Researchers at the Institut Pasteur and Inserm have developed a triple-drug strategy that induces necroptosis in malignant B cells, triggering a strong anti-tumor immune response in preclinical models of leukemia. By reprogramming how cancer cells die, the approach enabled complete leukemia elimination in animals and may offer a new avenue for treating B cell-related blood cancers, according to findings published in Science Advances.
In a preclinical advance for cancer immunotherapy, scientists at the Institut Pasteur and Inserm have shown that a combination of three existing drugs can force malignant B cells to undergo necroptosis, a form of programmed cell death that emits danger signals and activates the immune system. The work, described by the team and summarized by Institut Pasteur and ScienceDaily, suggests that manipulating the way tumor cells die can substantially strengthen anti-tumor immunity.
Immunotherapy aims to help a patient's own immune cells seek out and destroy tumor cells. The researchers focused on blood cancers involving B cells, such as certain leukemias and lymphomas. Their initial experiments showed that malignant B cells are generally resistant to necroptosis because they lack sufficient levels of MLKL, a protein essential for this pathway.
To overcome this barrier, the team devised a triple-drug regimen using agents already approved for clinical use. According to the Institut Pasteur press release and coverage in ScienceDaily, this combination reprogrammed malignant B cells to die through necroptosis and released strong immune-stimulating signals. In preclinical mouse models, the strategy led to complete elimination of leukemia, indicating potent immune-mediated tumor control.
"The triple therapy we used forces cancer cells to die in a way that activates the immune system," said Philippe Bousso, Inserm Research Director and Head of the Institut Pasteur's Dynamics of Immune Responses Unit, in statements quoted by Institut Pasteur and ScienceDaily.
To understand how different forms of cell death shape immune activity, the researchers used advanced intravital imaging. This real-time imaging technique allowed them to visualize immune cells interacting with dying cancer cells in living animals and to compare how necroptosis versus other death mechanisms influenced immune behavior.
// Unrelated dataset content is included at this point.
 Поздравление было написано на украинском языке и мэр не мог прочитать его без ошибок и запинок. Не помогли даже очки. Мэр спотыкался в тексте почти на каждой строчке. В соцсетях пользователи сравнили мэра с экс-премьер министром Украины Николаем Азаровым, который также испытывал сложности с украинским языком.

"This novel immunotherapy strategy, successfully tested in preclinical models, turns tumor cells into triggers for the immune system, pointing to a potential therapeutic avenue for certain cancers, such as lymphomas or leukemias affecting B cells," Bousso explained in comments reported by Institut Pasteur. He added, "By changing the way cancer cells die, we can harness the support of our immune system to fight against the tumor."
The study, led by first author Ruby Alonso and colleagues in the Dynamics of Immune Responses Unit, was published on August 15, 2025, in Science Advances (volume 11, issue 33) under the title "Reprogramming RIPK3-induced cell death in malignant B cells promotes immune-mediated tumor control." The work was supported by several institutions, including the European Research Council and the ARC Foundation for Cancer Research, as noted by Institut Pasteur.